Free is the future
Posted by katya on Sat, March 01, 2008Chris Anderson of Long Tail fame now has authored a seminal article on increasing shift to business models predicated on giving away the product. It’s a must-read.
The article starts with the example of razors with disposable blades - they were first successfully marketed by being given away. That created demand for blades. The model is alive and well today - you get a free cell phone but pay for the monthly plan. The printer is cheap but the ink or toner is expensive.
This model is also becoming increasingly dramatic, posits Anderson. He says:
It’s now clear that practically everything Web technology touches starts down the path to gratis, at least as far as we consumers are concerned. Storage now joins bandwidth (YouTube: free) and processing power (Google: free) in the race to the bottom. Basic economics tells us that in a competitive market, price falls to the marginal cost. There’s never been a more competitive market than the Internet, and every day the marginal cost of digital information comes closer to nothing. One of the old jokes from the late-’90s bubble was that there are only two numbers on the Internet: infinity and zero. The first, at least as it applied to stock market valuations, proved false. But the second is alive and well. The Web has become the land of the free.

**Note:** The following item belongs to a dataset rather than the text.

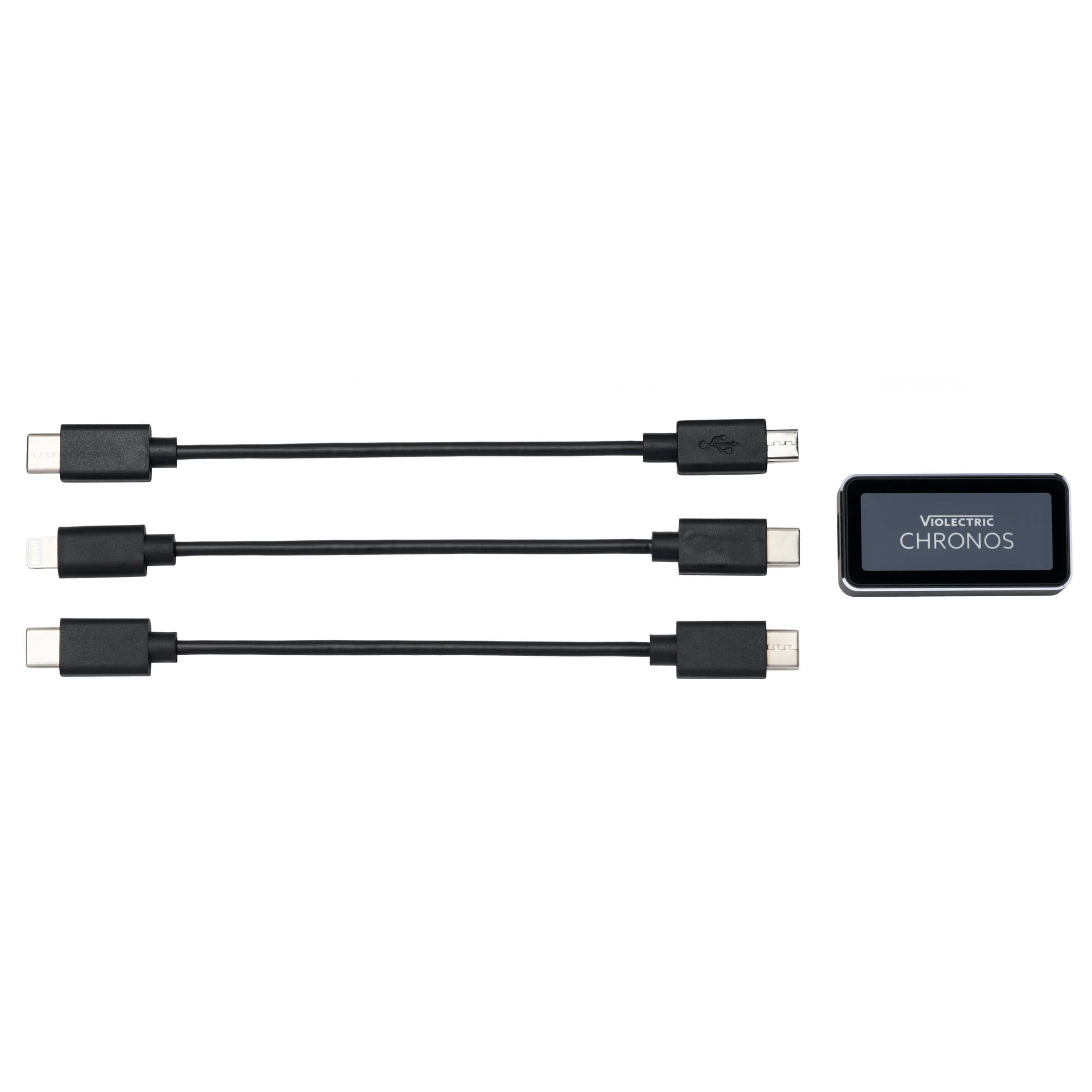 Auch wenn er mit seinen Abmessungen von lediglich 44,5 mal 24 mal 10 Millimetern buchstäblich in jede Westentasche passt, will Chronos mit Klangeigenschaften größerer, stationärer Geräte überzeugen: Sein Digital-Analog-Wandlerchip besitzt eine Auflösung von 384 kHz bei 32 Bit und decodiert auch DSD 256. Eine Dynamik von typisch 130 dB und niedrigste Verzerrungen sollen edlen Klang an jedem Ort der Welt verfügbar machen. Die Erfahrung von Violectric mit audiophilen Kopfhörerverstärkern zeigt sich auch an den technischen Werten von Chronos: zwei mal 30 mW Ausgangsleistung an 32 Ohm beziehungsweise zwei mal 5 mW an 600 Ohm. So können anspruchsvollere Kopfhörer, an denen die integrierten Verstärker und Wandler von Mobilgeräten oft scheitern, auch unterwegs problemlos betrieben werden.
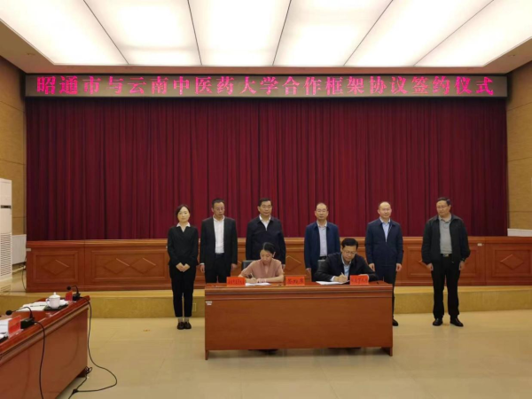 9月21日下午,云南中医药大学与昭通市政府合作框架协议签约仪式在昭通市政府视频会议室举行。昭通市委副书记、市长杨承新主持签约仪式,副市长马洪旗介绍了昭通医疗卫生事业、中草药资源及产业情况,并简要介绍合作框架协议内容。杨承新表示昭通市与云南中医药大学的合作有基础、有条件、有需求、有前景,希望双方在下一步的合作中,共同开创校地合作新格局、不断取得校地合作新成果、努力构建校地合作新局面。丁中涛希望双方进一步拓宽合作领域、创新合作方式,在高素质中医药人才培养、中医药传承与创新、中医药民族医药产业发展、中医药服务体系建设、中医药交流与合作等方面取得新的成绩。

Accomplished blogger and great friend Jocelyn alerted me to this part of his thesis when she emailed me yesterday about the article:
There is, presumably, a limited supply of reputation and attention in the world at any point in time. These are the new scarcities — and the world of free exists mostly to acquire these valuable assets for the sake of a business model to be identified later. Free shifts the economy from a focus on only that which can be quantified in dollars and cents to a more realistic accounting of all the things we truly value today.
I experience this dynamic every day at my nonprofit, Network for Good. We give away every bit of expertise and information we can - we have free training calls, we have free fundraising tips sent via email, we have a completely free online Learning Center. We find people are more likely to choose us for their paid fundraising services as a result. It’s like the “gift economy” that Anderson describes.
I think all nonprofits can make this model work. Are you the American Diabetes Association? Send out lots of free information on managing your diabetes. Are you a conservation group? Provide free tools for making your home or business more green. You’ll end up with more (financial) supporters because more people will know your value.
How else do you think the free economy affects our sector?
You can watch Chris talk about the concept on YouTube, but I could not embed his video here because his magazine Wired disabled the “free” embed feature. He’s brilliant but that’s ironic!